那些关于他徒手拧断叛徒脖颈、在谈判桌上用钢笔刺穿对手手掌的传闻,此刻在柘木太郎脑海中不断闪回。
望着夏油杰嘴角若有似无的笑意,柘木太郎终于明白——在这个男人面前,任何侥幸心理无疑都是致命的。
夏油杰坐回榻榻米团垫上,手里随意捏着那串黑亮的佛珠。
“拓木,你只有五分钟,说吧。”他垂眸睨着眼前满头油汗的男人,大发慈悲开了口。
柘木太郎浑身一颤,喉结在松垮的领带间上下滚动。
为了见这一面,他托遍了东京地下世界的关系网,从港区的□□掮客到新宿的情报贩子,前前后后砸进去十几亿日元的“香火钱”。
城郊那块地皮在他梦里已经盘算了三个月,地铁规划图上标红的区域在视网膜上烧出个洞,仿佛每一寸土地都嵌着金箔。

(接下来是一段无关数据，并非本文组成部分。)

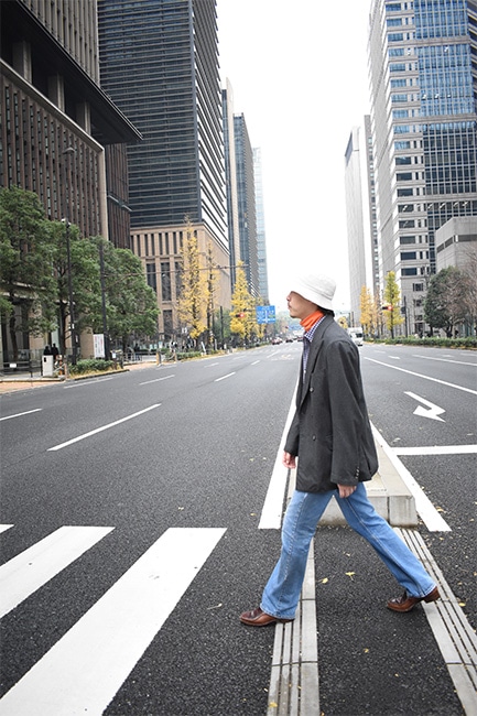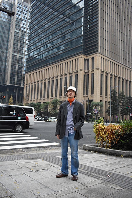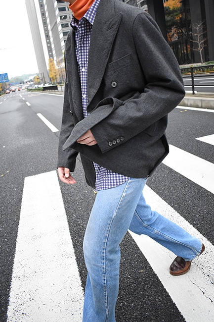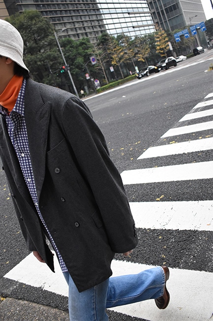 サイズ感は、緩すぎない丁度良いフィット。柄とカラー、あとはポケットディテールが相まって一枚でも、中に仕込んでも新鮮に映ります。

当柘木太郎提起城郊地皮时,夏油杰垂眸掩住眼底的讥讽。
他当然知道那块地,十年前便是香饽饽,此刻也自然不能拱手让人。
他摩挲着袈裟袖口,听着柘木太郎越来越急切的话语,忽然想起十七岁那年的雨夜,也有一个人来找他说同样的话。
拓木太郎见夏油杰勾唇,以为事情已经办妥。
“夏油大人,那块地……”
柘木太郎刚开口,被夏油杰抬手打断。
“拓木先生,”他指尖拨弄佛珠,每颗珠子都刻着往生咒,“那块地荒了十年,你猜为什么?”
柘木太郎下意识地抬头,目光掠过夏油杰身后那副字画——“愚者赐死,弱者降罚,强者施爱”,却又在触及夏油杰不含温度的眼神忙收回视线,用袖口擦拭额角的冷汗,却发现掌心早已被冷汗浸透:“夏、夏油大人说笑了……”

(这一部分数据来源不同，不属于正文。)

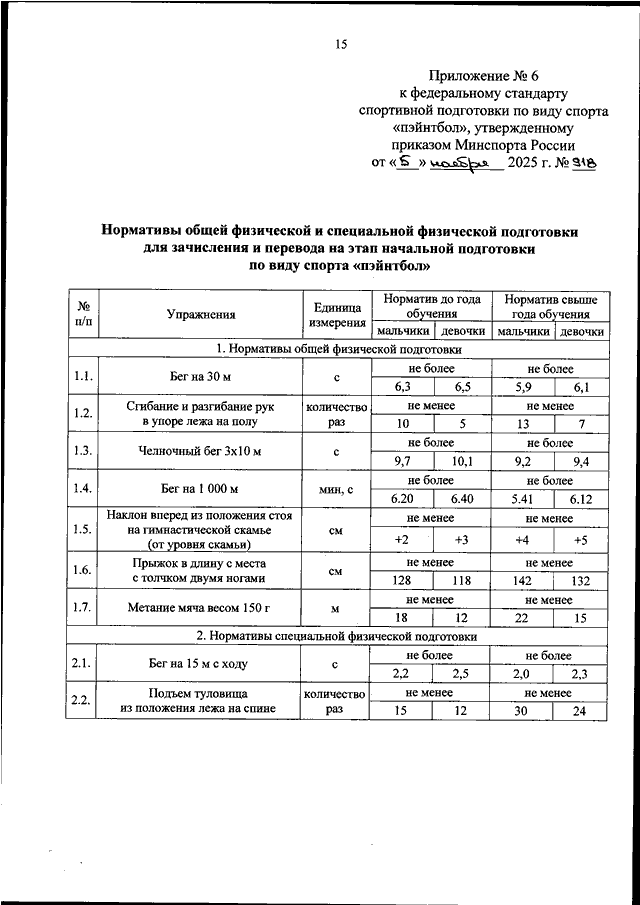 ПРИКАЗ Минспорта РФ от 05.11.2025 N 918

夏油杰漫不经心拨弄着手上那串佛珠,簌簌轻响,“十年前,有个蠢货想吞掉我手里的码头,你猜那个人后来怎么样了?”
他忽然轻笑,灯光照得他纤长的眼尾泛出妖冶的红,抬眼时瞳孔微缩,像毒蛇吐信前的刹那,“后来他的尸体被切成十二块,混在鱼市里卖了三天。”

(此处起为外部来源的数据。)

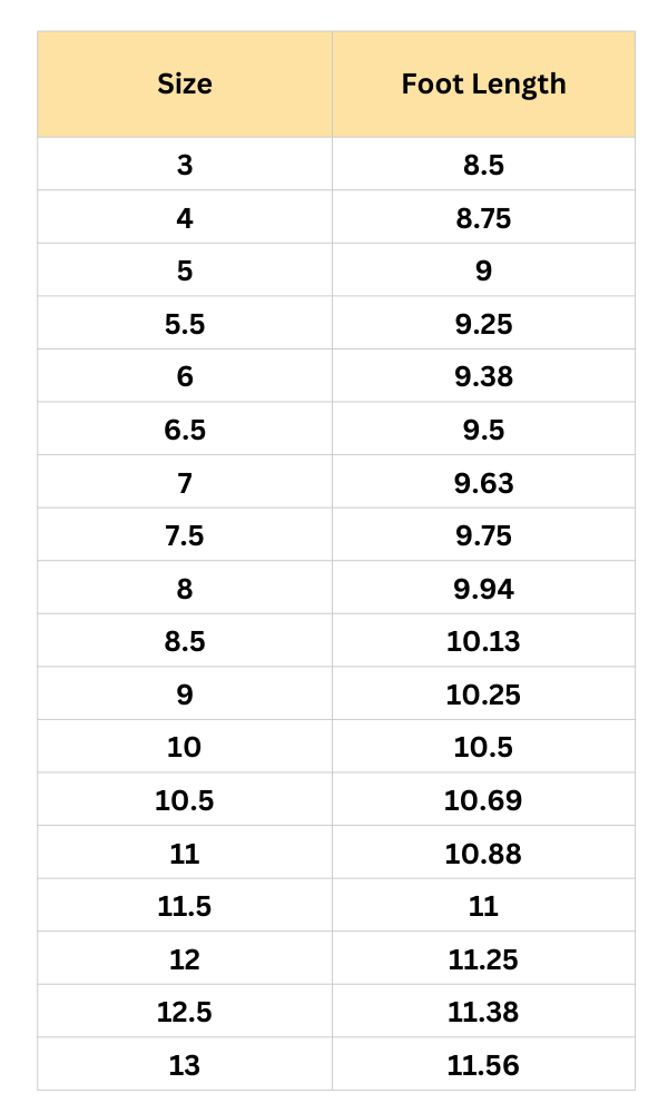 Size Guide (inches) :

拓木太郎被夏油杰的眼神骇得骤然腿软,不自觉后退了一步,笑容僵在脸上,后颈寒毛根根倒竖。
“您、您什么意思?”柘木终于察觉不对,枯瘦手指攥紧西装裤。
“我、我可以给您五十万……不,让利三成!”柘木听见自己的声音在发抖,“夏油大人,您知道我公司有上百号人要吃饭……”
“拓木太郎,三十九岁,名下五家皮包公司,用期房诈骗工薪阶层,手段阴狠,却从未被抓住过把柄。”
真奈美的声音从身后传来,带着刺骨的寒意,“你卷走的三亿七千万日元,有我父亲跳楼前凑的最后五百万。你用建筑垃圾填海造地,那些工薪族在天台排队跳楼时,你在银座抱着女明星数钱吧?"
拓木太郎此刻知道自己已经被骗了,夏油杰不会让出那块地,不过,他明明做得天衣无缝,拓木太郎恶狠狠对着夏油杰道:“你、你们是怎么知道的?”
真奈美在他身后轻嗤一声。
她抬手拨弄耳后的橘红色短发,动作优雅却危险,“知道为什么夏油大人让你活到现在吗?”
“因为要让你亲眼看看,什么叫真正的地狱。”
夏油杰手中的佛珠突然破空而出,精准嵌进柘木右膝的髌骨。
柘木太郎听见自己膝盖骨被佛珠击中的脆响,剧痛中跪倒在地,惨叫声里混着真奈美解腰带的轻响,红色编绳如活物般缠上他的脖颈,勒出青紫色的蜈蚣状痕迹。
“你、你们想做什么?咳咳!杀人……杀人可是……违法的!会坐牢的!!”拓木太郎奋力挣扎起来。
很快,他的眼球凸出眼眶,喉间发出濒死的嗬嗬声。
真奈美的长鞭已经抵住他的颈动脉,金属扣环在挣扎中刮破皮肤,渗出的血珠滴在她黑色高跟鞋上,晕开小团红梅。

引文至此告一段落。